I'm starting a new project that I can actually show pictures of, so I thought I'd sort of "blog" the project as I go. Feel free to ask questions or give suggestions. 

The project is to make a lap tray to hold the Apple's "magic" keyboard and trackpad. I want to have them in roughly the same orientation as they would be in one of their laptops, because that is what I am most accustomed to. 

The reason I am making this is because I like to use my TV as a computer display, and I want a keyboard and trackpad I can use while I'm sitting on the couch. The Apple keyboard and trackpad are roughly the same as what is found on my laptop, so they were the obvious choice.

The prototype I have been using for a few months was made from pink foam board, and I routed it out using a hand held router and a crude jig with sliding gantry. Then I surfaced it with a layer of fiberglass to make it rigid. It has done it's job; it has proven that the general design and concept works. 










From the beginning I have been wanting to make this out of carbon fiber. Why? Because why not? But seriously, it is more experience for me with the whole digital design process, and it will give me more experience designing composite parts. 

Below is the CAD file I'm working with (Rhino). This is the idea I have been playing with, and at the moment I just want to make the part on the CNC to test it. I am not sure what the correct tolerances are, the correct depth, etc.

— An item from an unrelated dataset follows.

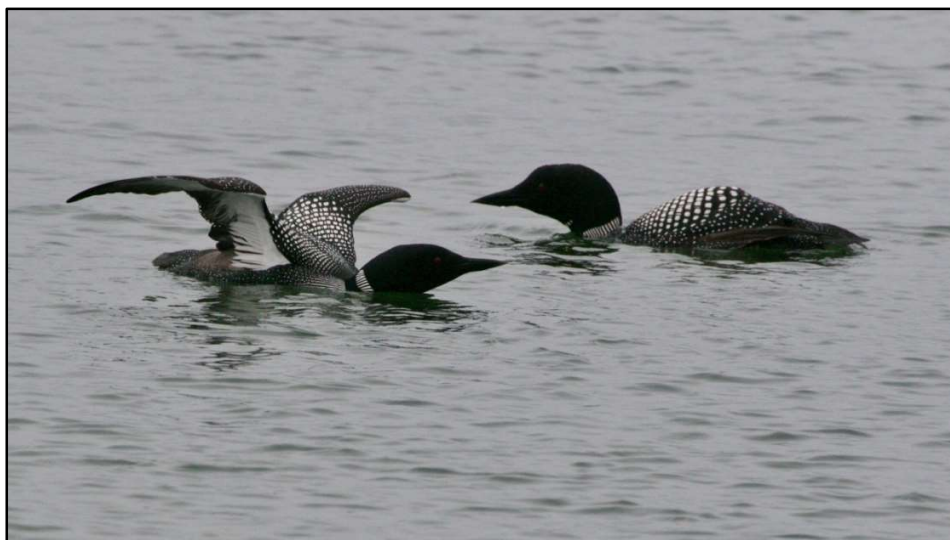
Great Northern Divers / Common Loons

Lighthouse. Hundreds of Manx Shearwaters were gathering offshore, but distant whale blows were too far out to be identifiable, although several leaping White-beaked Dolphins were seen by some. Our rarest find of the trip was a Peregrine Falcon which suddenly appeared, dashing across the shoreline in pursuit of a wader. Sadly, it was not a Gyr Falcon, but in Icelandic terms it was a much more interesting bird, as the species barely occurs annually there.

There are a few details that may stand out. There is a recessed area in both cavities--that is meant for velcro to hold the keyboard and trackpad down. I thought it would be a good idea, but I haven't really needed it. 

Also there is a cut-out on the back edge for the keyboard, and a bit of a ramp along the back edge of the track pad. These correspond to the antennas on both devices. Carbon fiber is conductive, so it will block radio frequencies. So I am expecting that I will have connectivity issues if I do not create clearance in these areas. 

Also, I drew a flange extending around the base. I added this because VCarve didn't seem to recognize the vertical sides of my part. So I made a flange larger than the actual work piece, so now the program will remove the excess material around the permieter.











First attempt to machine. I made 3 tool paths, which is the process that has been working really well for me. I start with a rough pass using a 1/2" ball nose cutter, and within ~.050" of the final surface. Then my second pass is a "finish pass" with a 1/8" tapered ball nose, but I use a large step-over and leave 0.010". 

When the second pass is done, I coat the part with a thin, fast setting epoxy. I put it on pretty thick, leaving excess resin on the surface, because I want the surface to be saturated. The excess resin machines off on the final pass, so I'd rather have a little extra than not enough.

The final pass then uses the same 1/8 tapered ball nose cutter, but I use a much smaller step over. And I cut right down to the final surface. 

For this project, I decided to try using the vacuum table. I thought it would work fine, and I liked the idea that I would not have any trimming when it was done. But unfortunately, the MDF started to curl while the program was running, and the vacuum couldn't hold it down. The part was ruined, but fortunately the bit didn't break. The picture shows the damage--this happened part way through thte 2nd pass. 

(I did face off the bottom first, so it it was flat. But like all kinds of wood stock, there can be internal stresses that show themselves when you start cutting them.)











Next step: I want to try to use the vacuum table again. I know MDF is a low quality material, but I want to see if I can make it work. I want to glue up a block of 2 layers of MDF like I had before, but I will make it over sized. And when I machine it, I want the excess material on the perimeter to stay connected by maybe .030". I can still separate it without too much difficulty, and hopefull the extra material helps is stay held down.


----------



## old55 (Aug 11, 2013)

This will be an interesting one to watch.


----------



## DsKnees (Mar 4, 2021)

Update: I thought this would be pretty easy, but it's turning out to be a bit of an education. So far the MDF material is proving to be unsuitable for this project. 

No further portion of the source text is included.